Even though Obama’s high profile bi-monthly visits to the Bay Area have ceased, I’m sure nothing has changed..
Even though it is heartening and reassuring to hear about people who work for these places speak out about relevant issues,, the “Trump-bashing” stories seem a tad silly. The “immigration issues” affecting tech workers and those from Mexico, etc..are bureaucratically similar and familiar to both groups, except the one group usually pays the other to mow their lawns and clean their house when their at work.
What a stupid joke. The most despicable totalitarian americans are in silicon valley., They are the ones who created a worldwide cyber police state.
Americans are biggest hypocrites on the planet.
Immigration is all about labor costs. It’s not a racial issue, its economic. Pierre omidyar, the tech oligarch that owns the intercept, is notorious for using every sleazy trick he can pay an unfairly low wage.
This article is propaganda to try to obscure the economic realities that cause hostility to illegals
+1!
The thing is that there aren’t enough skilled Americans to fill those jobs or they would have them.
Period. Full stop.
Those workers are brought over not because they are cheap but because finding a suitable candidate isn’t possible within the local workforce.
I know this for a fact, I have been in IT for 25 years and conducted more interviews than I would care to remember and finding American born candidates has always been a serious challenge.

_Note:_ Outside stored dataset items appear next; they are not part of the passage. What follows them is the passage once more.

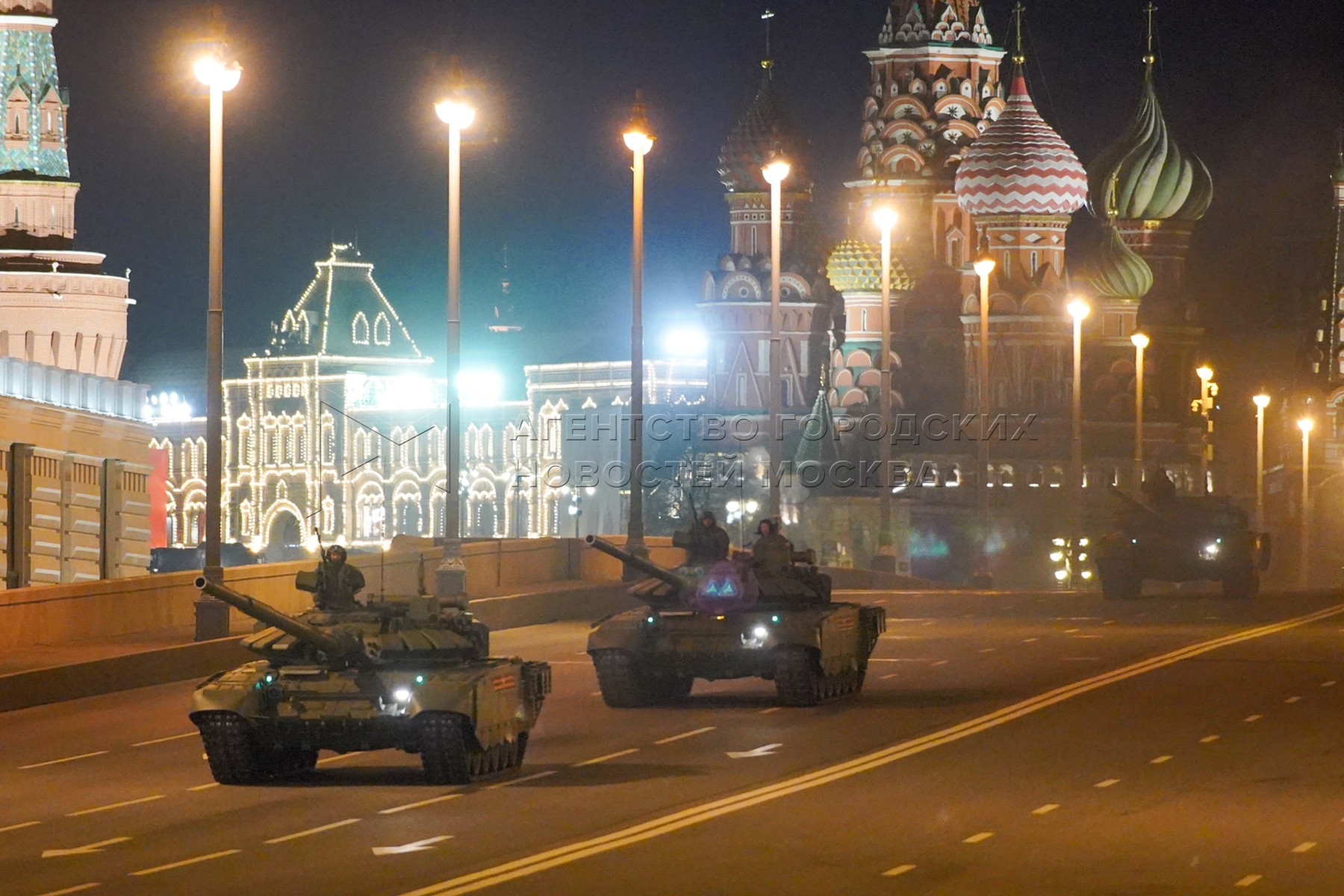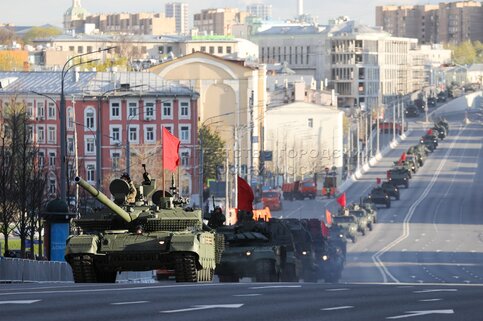 • Заголовок: Прохождение колонны военной техники перед ночной репетицией парада Победы в Москве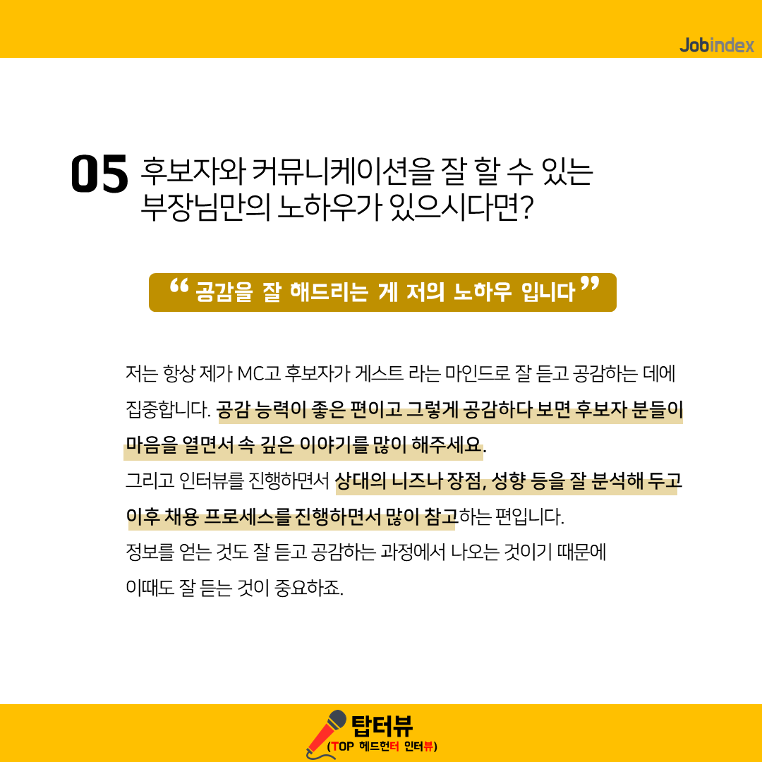 05. 후보자와 커뮤니케이션을 잘 할 수 있는 부장님만의 노하우가 있으시다면?
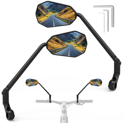 Long Bike Mirror, [HD Large Wide Angle] [1 Pair] Diyife Bicycle Rearview Mirrors, 360°Rotatable Cycle Mirrors for Bike Handlebars 22-25.5mm, Shockproof Rear View Mirror for E-Bike Scooter Motocycle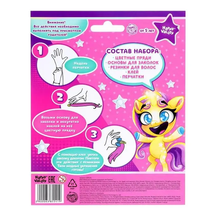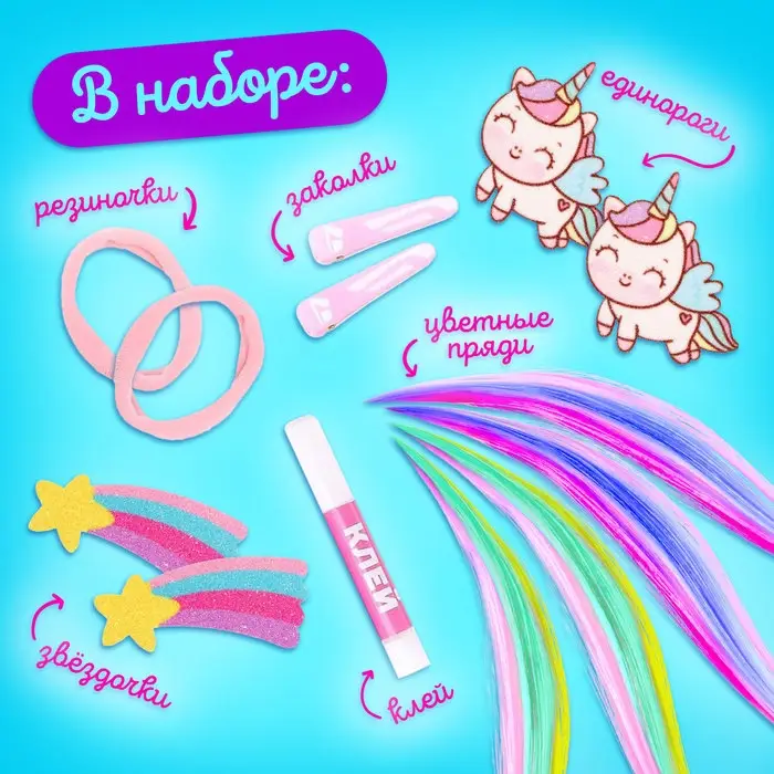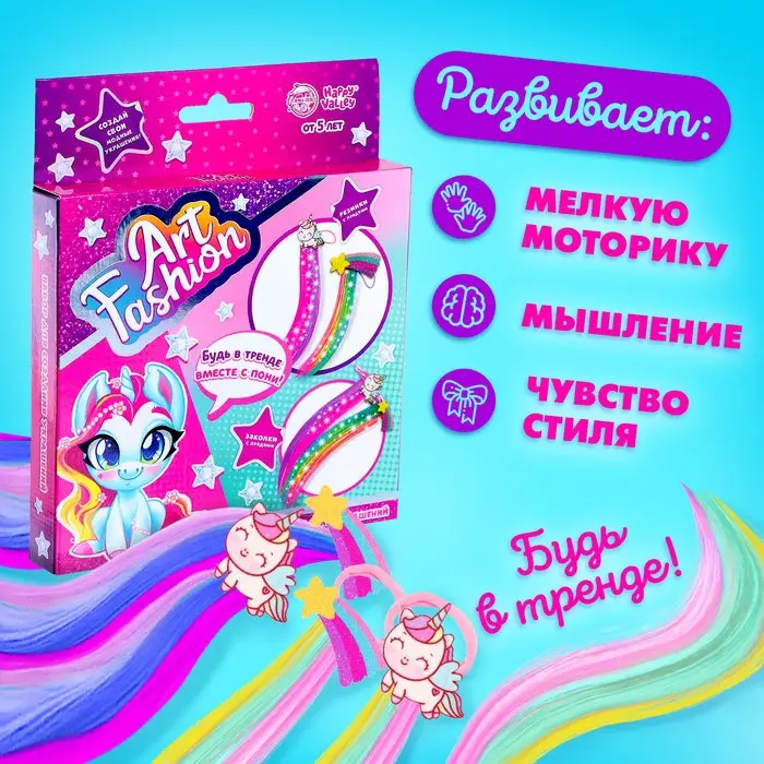 Набор для создания украшений Art Fashion: заколочки и резиночки с прядками, пони

This is nice if something genuine builds from the energy. The realist in me sees the whole “our brand is better than their brand” as just business as usual. It’s like one drug gang fueding with another drug gang about whose “product” is better at keeping the addicts hooked yet docile.
In the end, businesses want the same thing, cheap and willing labor. Whatever marketing they want to use to sell their brand is just that. I wonder if anyone in those crowds is “woke” to that.
More progressive propaganda. Silicon Valley thrives on illegal labor. Indians here illegally are employed as contractors. There are so many illegal Indian immigrants in tech in the silicone valley that they actually even outnumber illegal Mexicans in the region.
A lack of cheap illegal labor is the cause of tech CEO, and the intercept’s concern, not compassion for the less fortunate.
Intercept journalists are racist authoritarian scum
Aside from the pejorative..I concur
The only pejorative I see up there is “journalist,” which, sadly has lost it’s valor in most places ( I am grateful for what the Intercept is doing, despite the sometimes sickening SJW progressive tone.)
And below, free is right about this: “The most despicable totalitarian americans are in silicon valley., They are the ones who created a worldwide cyber police state. ”
I think our armed forces are bombing the wrong people….
Do you have any evidence to support your claims?
Search “PRISM”.
The statement about the unionized cafeteria workers at Intel is a bit misleading. The union was formed to negotiate not with Intel, but the food contractors Intel uses. I would not count on Silicon Valley high tech being part of the resistance .
There are more illegal Indians in the Silicon Valley than there are Mexicans, and they are all working in tech. Lack of cheap labor is their concern
No there aren’t.
Illegals can’t get past the vetting processes in place for tech firms and big companies and banks requiring tech workers.
They are legal and have visa’s and that has been the case for at least two decades after all the laws were put in place that made even hiring a local such a hassle.